Autumn's Return
On cycles of grief, seasonal memory, and holding our body's stories with compassion.
They say the body remembers what the mind does not. I think that’s why I’ve started thinking about all I have lost again—at this time just last year, I was so shattered, I wasn’t sure how I would even begin to pick up the pieces.
It feels dramatic to say that. After all, my life was so full of good things too. A new home, a beautiful family. Five thriving children. A wonderful loving husband. All my basic needs met.
But the good in my life didn’t erase the grief. What I had, did not erase what I had lost—and pretending it should have only piled shame on top of my already broken heart.
I know many of my birth-trauma mamas out there have felt the same—though they mean well, many people act like the only thing that matters in the whole scenario is that your baby (or babies in my case) are okay. And of course I’m so glad my babies were/are okay. But that doesn’t take away the trauma or the grief of all that could have/should have been, and wasn’t.
This is just an example.
The same could be said for my childhood. As a survivor of childhood sexual abuse, in a world full of darkness, it’s easy for people to say (or imply) “at leasts” about my story. I even sometimes get sucked into doing this to myself. And of course, there are so many elements for which I am incredibly grateful. I am grateful that I had the courage to tell my parents. I’m grateful that they believed me. I’m grateful they did what was right and got me the hell out of that situation without delay. And I’m grateful that when our church wanted to gaslight us, and didn’t want us to report, and wanted us to “keep the circle small,” that my parents reported anyway, that we left that place, and that they put me in therapy.
But…
That doesn’t take away what I lost. Just because it could have been worse doesn’t mean that what happened was okay. I’m saying this to you as well, dear reader.

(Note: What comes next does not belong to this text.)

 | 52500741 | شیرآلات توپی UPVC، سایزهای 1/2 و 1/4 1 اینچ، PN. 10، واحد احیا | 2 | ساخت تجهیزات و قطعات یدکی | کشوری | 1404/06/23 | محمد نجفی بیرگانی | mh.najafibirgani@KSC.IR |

I cannot tell you the number of times I have shared my story with a friend, for them to ever after feel the need to say, “of course it’s nothing compared to what happened to you.” And to that I say, pain is pain. Don’t feel the need to minimize, diminish, or shove under the rug something awful that happened to you just because it “could have been worse,” or because there are elements surrounding the events for which you are grateful. (eg. My babies and I survived. My parents believed me.)

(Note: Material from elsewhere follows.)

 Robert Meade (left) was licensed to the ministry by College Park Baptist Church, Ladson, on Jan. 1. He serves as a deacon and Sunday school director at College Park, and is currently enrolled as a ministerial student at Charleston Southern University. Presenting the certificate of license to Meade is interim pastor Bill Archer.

We’ve all been through some crazy sh*t—but I don’t think we can even begin to hunt for the beauty amongst the weeds and compost of life, if we aren’t willing to look at the pile of compost to begin with. Healing begins when you take an honest look at everything that has happened to you, and you dare to say, “Yeah…that sucked. That was not okay. I was/am wounded by that.”
Which sometimes can feel infinitely scarier than just shoving it under the rug and gaslighting yourself forever. Because once you start to acknowledge the wound it may seem like it hurts a lot more for awhile. But it’s not forever. There is healing on the other side of this.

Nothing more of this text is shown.